━━━ Data below

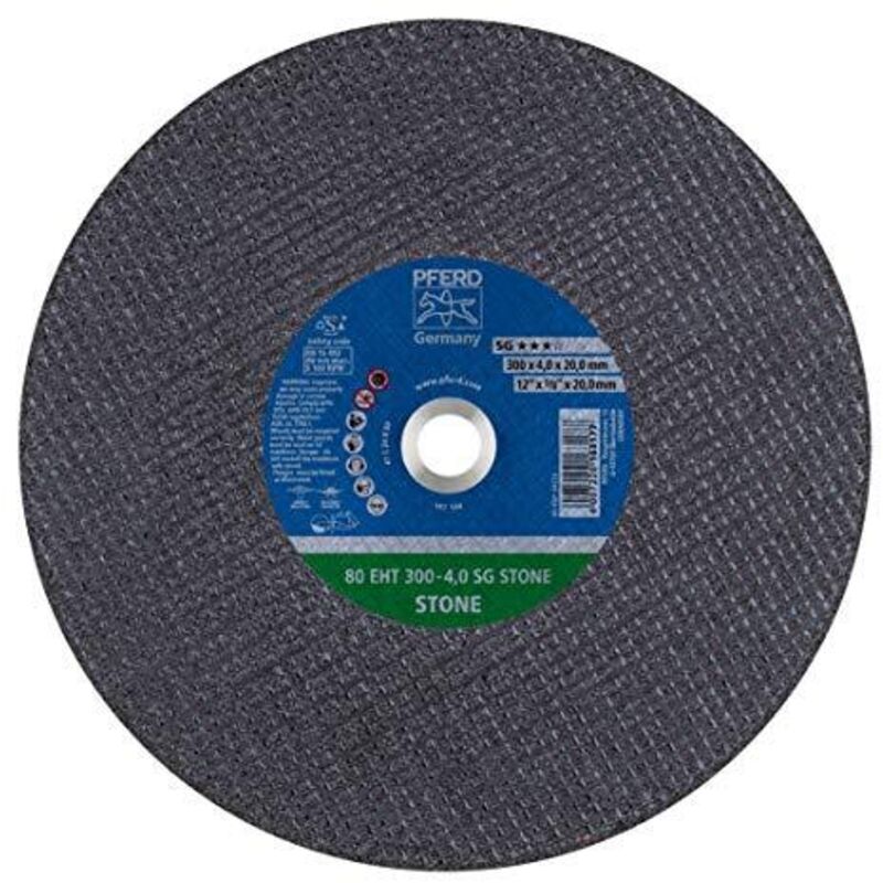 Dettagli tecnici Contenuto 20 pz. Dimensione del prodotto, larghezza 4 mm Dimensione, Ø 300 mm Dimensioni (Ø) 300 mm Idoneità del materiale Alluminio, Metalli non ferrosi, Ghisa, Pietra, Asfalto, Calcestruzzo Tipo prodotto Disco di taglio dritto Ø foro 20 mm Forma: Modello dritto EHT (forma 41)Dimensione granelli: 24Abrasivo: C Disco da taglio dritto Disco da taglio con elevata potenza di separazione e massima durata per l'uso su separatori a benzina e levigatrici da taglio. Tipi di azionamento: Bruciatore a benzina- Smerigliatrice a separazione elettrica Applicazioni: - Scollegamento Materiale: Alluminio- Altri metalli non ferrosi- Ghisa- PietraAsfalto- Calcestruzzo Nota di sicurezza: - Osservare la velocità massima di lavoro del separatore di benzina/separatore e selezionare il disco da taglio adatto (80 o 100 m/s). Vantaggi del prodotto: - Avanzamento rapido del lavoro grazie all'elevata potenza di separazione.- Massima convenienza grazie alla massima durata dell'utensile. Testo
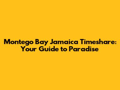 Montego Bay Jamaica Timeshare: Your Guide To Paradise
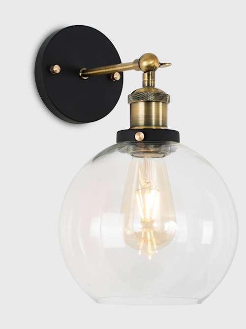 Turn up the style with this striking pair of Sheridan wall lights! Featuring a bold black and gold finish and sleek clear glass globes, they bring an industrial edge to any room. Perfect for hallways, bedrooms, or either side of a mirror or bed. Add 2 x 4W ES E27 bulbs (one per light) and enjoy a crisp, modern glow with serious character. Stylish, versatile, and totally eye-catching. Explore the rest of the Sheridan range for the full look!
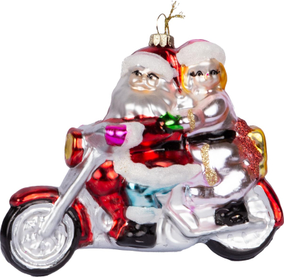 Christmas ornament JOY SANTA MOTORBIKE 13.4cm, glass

━━━━━━

Prompt: Copy verbatim the span that begins at the line containing "Turn up the" and ends at the last line of the material, inclusive of both; exclude pictures.

Result for this task:
 Turn up the style with this striking pair of Sheridan wall lights! Featuring a bold black and gold finish and sleek clear glass globes, they bring an industrial edge to any room. Perfect for hallways, bedrooms, or either side of a mirror or bed. Add 2 x 4W ES E27 bulbs (one per light) and enjoy a crisp, modern glow with serious character. Stylish, versatile, and totally eye-catching. Explore the rest of the Sheridan range for the full look!
 Christmas ornament JOY SANTA MOTORBIKE 13.4cm, glass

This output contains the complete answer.